Speaker: Gaetan Rivet (NVIDIA Corporation)
As hardware throughput capability increases, software network functions rely on hardware offloads to cope with the amount of traffic processed. Offloads are constantly improved in Open vSwitch, but they are only useful to the extent that they are synchronized with the software switch. In the userland datapath, offload processing is deferred to a separate thread to reduce the impact on the data plane. The asymmetry between a single thread serializing offload requests and the multiple initiators creates a bottleneck that can disrupt hardware network functions. This talk describes the work done to accelerate the offload control plane. Relevant metrics are identified, motivating a re-design of the userland offload layer and a multi-thread architecture is proposed to allow the control plane to cope with the workload. An implementation is proposed and the improvement is measured along the defined metrics. This talk presents work that has been proposed for integration to the community and is currently in review: https://patchwork.ozlabs.org/project/openvswitch/list/?series=261424&state=*
Speaker: Han Zhou (NVIDIA Corporation)
This talk will firstly introduce the OVN control plane scalability improvements we have achieved recently at NVIDIA, especially for ovn-kubernetes and network policy (ACL) related use cases. It will then cover topics for the next scale challenges and some general principles and ideas for the further improvements.
Speaker: Nick Bouliane (DigitalOcean, Inc)
At DigitalOcean, just like most public clouds, we provide a metadata service that our customers can access via http. In this session we will see how we leverage Open vSwitch to create the datapath required to access the metadata service. We will also learn what is the purpose of a metadata service and see how we use go-openvswitch to programmatically install the flows in Open vSwitch.
Speakers: Pradipta Sahoo (Red Hat, Inc.), Haresh Khandelwal (Red Hat, Inc.)

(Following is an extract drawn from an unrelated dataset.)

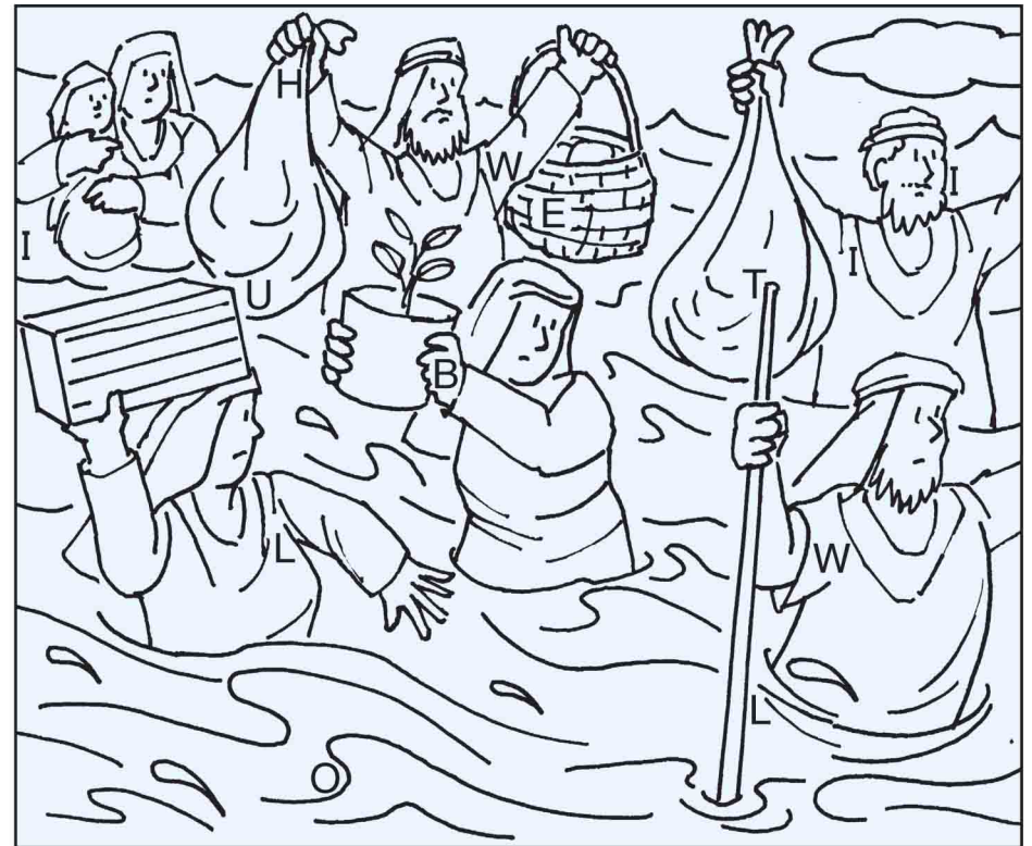
Westminster Presbyterian Church Dallas, Texas

Find each of the letters in God’s promise hidden in the scene below. I WILL BE WITH YOU

True that GENEVE overlay encapsulation is ready to serve overlay traffic for NFV use-cases. To validate the throughput performance for the GENEVE overlay network would still be a challenge when we refer to the network line rate. So far overlay network performance relies on TEP gateway where the gateway do encap/dcap operation while measuring the throughput and it is expected to take processing cycle for packets and doesn't meet the line-rate performance. To avoid performance drop, we explored the opensource Trafficgenerator (Trex) to compose the packets with GENEVE encapsulated header and meet the line-rate without Tunnel endpoint Gateway. We would like to showcase the following at this conference: - To provide an operator's outlook on Geneve hw-offload overlay network performance with ml2/OVN core service provided by OpenStack. - Trex traffic generator configuration steps with the enhancement - The problems encountered while working on OVN-HW-Offload with GENEVE protocol and resolution applied to those - Fine-tuning of the required parameters to achieve near line-rate throughput - The numbers observed & analysed under the best possible use case - And sharing our observation/findings with the wider audience
Speakers: Adrián Moreno (Red Hat, Inc.), Flavio Fernandes (Red Hat, Inc.)
Being at the core of OVS and OVN control plane, there's never too much OVSDB monitoring. The ability to print the content of a table in a user-friendly manner or quickly visualize what changes occur on the database while they happen greatly helps understand the logic behind OVN and OVS applications. What started as a toy project to test libovsdb, the golang's ovsdb IDL library, has now become a useful OVSDB monitoring tool. In this short talk we'd like to show the community how ovsdb-mon works, how easy it is to deploy on an OVN cluster and how to use it to quickly peek at a running ovsdb-server.
Speakers: Adrián Moreno (Red Hat, Inc.), Salvatore Daniele (Red Hat, Inc.)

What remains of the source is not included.